Saved data entries:

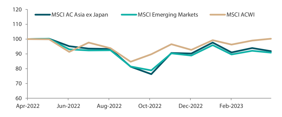
Chart 1: 1-yr market performance of MSCI AC Asia ex Japan vs. Emerging Markets vs. All Country World Index

Returns are in USD. Past performance is not necessarily indicative of future performance.
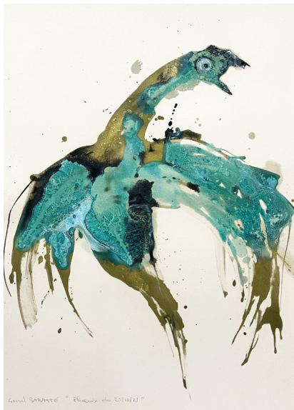
PHOENIX DU 23 OCTOBRE II, 2021 Solution based on oxidized iron and bronze on arches paper 80 x 60 cm
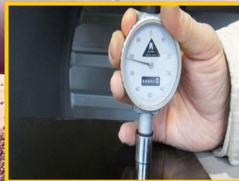
The Strictest Test In The Field
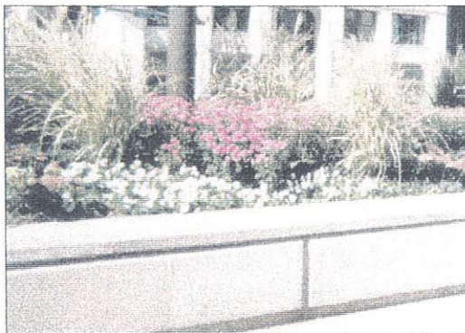
Native and Perennial Plantings

=== DIRECTIONS ===
Once the line holding "Returns are in" is found, set down that line and every line after it, exactly, through the last line of the records above, omitting pictures.

=== REPLY TO THE TASK ===
Returns are in USD. Past performance is not necessarily indicative of future performance.
PHOENIX DU 23 OCTOBRE II, 2021 Solution based on oxidized iron and bronze on arches paper 80 x 60 cm
The Strictest Test In The Field
Native and Perennial Plantings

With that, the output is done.